著者:黄?暎、出版社:岩波書店
「現代韓国最高の作家」が朝鮮戦争の真実を語った小説です。まさに朝鮮民族の悲劇があますところなく描かれています。
最近の韓国映画『ブラザーフッド』にも、北朝鮮軍による人民虐殺と捕虜殺害のシーンがありました。あれは歴史的な事実だと思います。しかし、同時に韓国軍の方も、北朝鮮の人々と人民軍捕虜を虐殺しています。

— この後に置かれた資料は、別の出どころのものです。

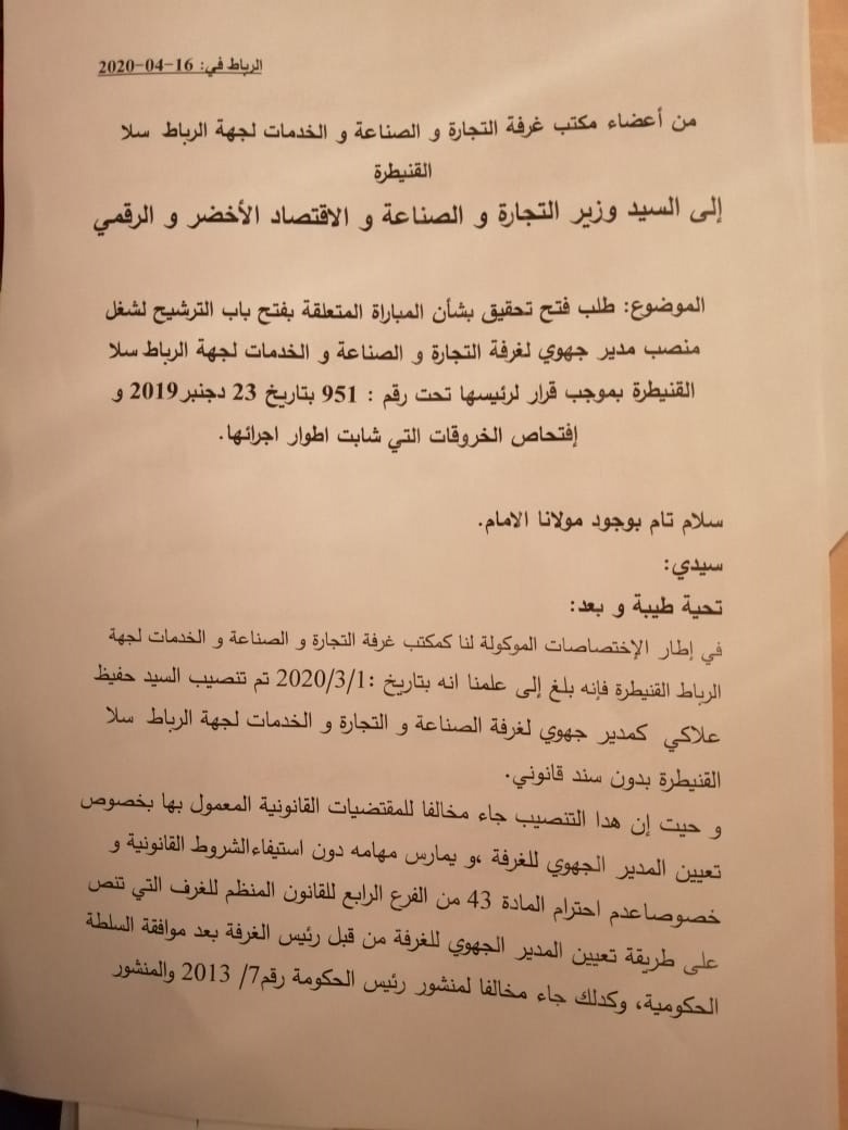 وفي رسالتهم الموجهة إلى وزير التجارة والصناعة، تحدث أعضاء مكتب الغرفة بشكل مباشر عن منصب المدير الجهوي للغرفة ح.ع الذي تم تنصيبه بدون سند قانوني، حسب ما جاء في نص الرسالة.
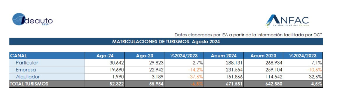 El mercado de turismos sufre un importante retroceso en el mes de agosto, con una caída del 6,5% y un total de 52.322 unidades. El octavo mes siempre viene marcado por el período vacacional del verano, lo cuál condiciona las ventas a la baja. Sin embargo, este agosto ha obtenido una peor cifra que el año anterior frenando el crecimiento anual, que con 671.551 nuevas matriculaciones se sitúa solamente un 4,5% por encima que en 2023. Asimismo, el mercado es todavía un 30% menor previo a la pandemia.
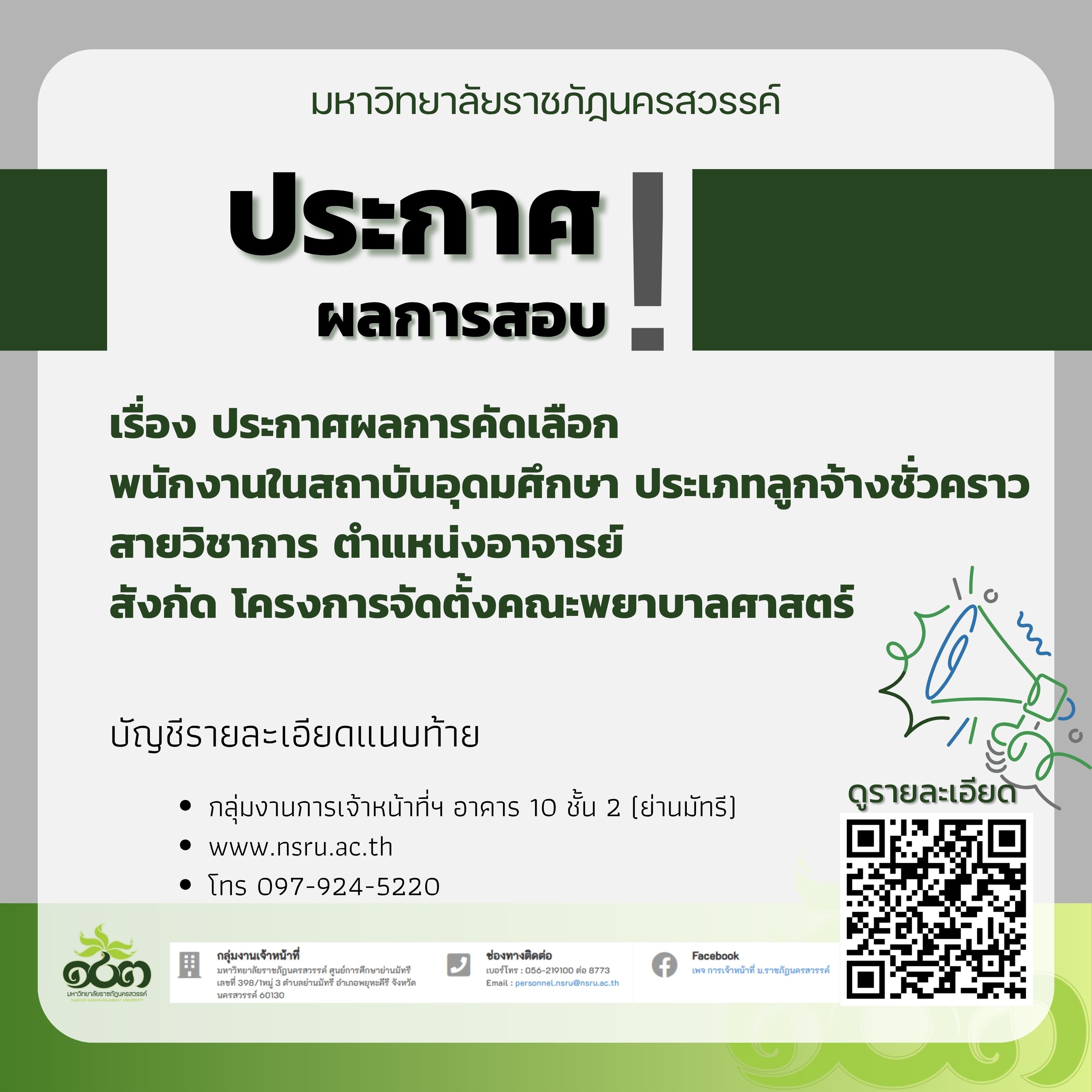 ประกาศผลการคัดเลือกพนักงานในสถาบันอุดมศึกษา ประเภทลูกจ้างชั่วคราว สายวิชาการ ตำแหน่งอาจารย์ สังกัด โครงการจัดตั้งคณะพยาบาลศาสตร์
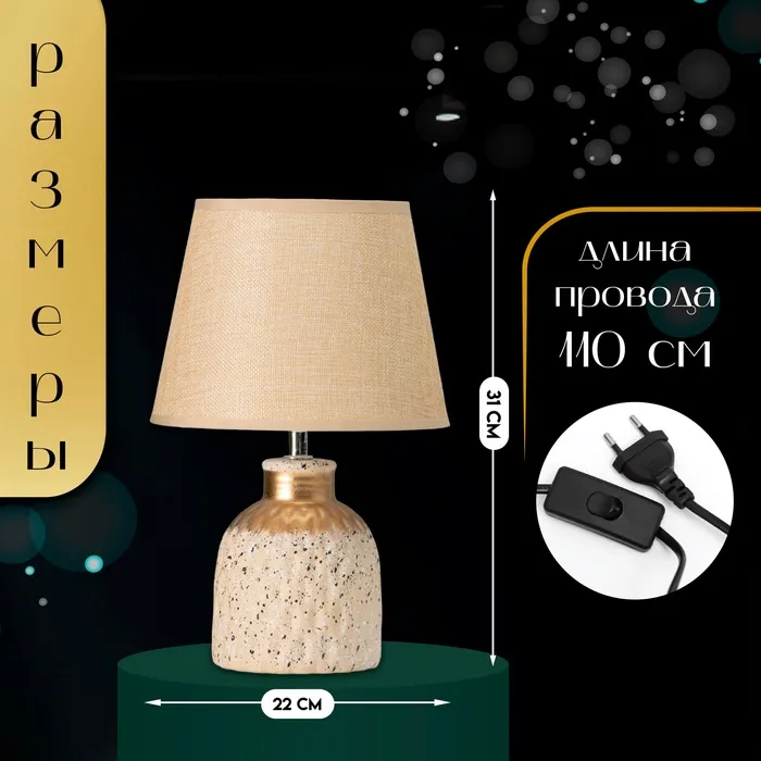 Настольная лампа с абажуром RISALUX «Овация», 1×Е14, 40 Вт, бежевый, 22×22×31 см — Характеристики
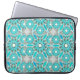 Mandala pattern, turquoise, silver grey and white laptop sleeve

この本は、これらの事実をきちんとふまえつつ、北朝鮮で人民軍シンパ層を虐殺したのが、キリスト教信者であったことを明らかにしています。「汝の敵を愛せ」ではなく、「敵は殺せ」を実践したのは、熱心なキリスト教徒たちだったのです。
キリスト教とマルクス主義は、考えてみれば、一つの根から生えた二つの枝であった。
済州島四・三事件のときに島民虐殺で名をはせた西北(ソブク )青年団はキリスト教徒を主体としていた。
うーん、キリスト教って、いったいどんな宗教なのか、改めてそのことも考えさせられる小説でした。同じ民族同士、顔見知り同士が、イデオロギーの違いで殺しあった朝鮮戦争の痛手を韓国はまだ克服しきれていないように思えます。